Independent web principles

Posting my list here, because putting them on Twitter only would just be too ironic:

1. Keep the master copy of all data you create in a way that nobody can prevent you from keep using that data

For example, if I write a beautiful poem on Gmail (it is Valentine’s day after all), Google can prevent me from accessing this poem in the future, e.g. by kicking me out. It hasn’t happened to me, but it has happened to others. Which is why I use gmail only as a glorified IMAP server; my primary copy of all incoming and outgoing e-mail is on the hard drive my laptop.

I’m not doing as well on social media posts, although I create most of my posts here on upon2020.com and syndicate them out to Facebook and Twitter via the WordPress Social plugin. That plugin has its issues, though, and it takes more work than I’d like.

2. Be at liberty to run whatever code you choose against your data. No lock-in between data and code.
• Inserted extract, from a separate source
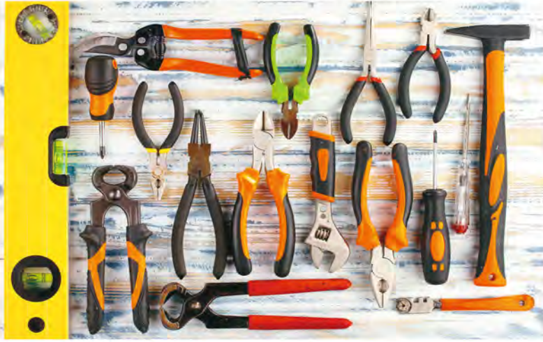
A file photo of various tools.

The program was in its second year, with many metal industry suppliers implementing lean manufacturing concepts to achieve digital manufacturing as their first step. This allows suppliers to quickly identify inconsistencies and issues early in the simplified, lean manufacturing process and improve flexibility to adapt to fast-changing market trends.

For many years, Microsoft kept a tight lock on the data format for Word and the other Office apps. While you could keep the master copy of all your files under your control (see principle 1), it wouldn’t help you because only Microsoft software could read them. So the data has to be available in a format that does not force you into a particular vendor’s product.

Even so-called “open web” products have this flaw: what good does it do me if I can export all my data from Facebook, or Google, or whatever, but then there is no software that can read any of this in any meaningful way? It forces me right back into those silos. So we need alternatives for code that can read the same data, and we need to have the ability to develop new code that runs on our data.

3. Don’t depend on somebody else’s terms of service that might change over time against your will.

Imagine you have control over your data, and you can run all sorts of software against it, but then somebody comes by and somehow prevents you from doing it the way you thought you could. The primary avenue of doing this would be changing legal terms without your consent. For example, a patent might suddenly show up that you infringe if you keep doing what you have been doing, or, some product you are using might suddenly start selling your data to others because you agreed that they could change their terms of service in the future, or the license fee might double.

You don’t control your own destiny if these kinds of things can happen.

Personally, I think the best answer is:

  • Keep your data in open formats.
  • Primarily access your data with open-source software; closed-source might be okay if there are open-source alternatives;
  • On hardware that you have physical possession of, or that you could move to at any time.

Other models may be possible, but this one works, and that’s what I’m trying to do for myself, and for users of the code I create.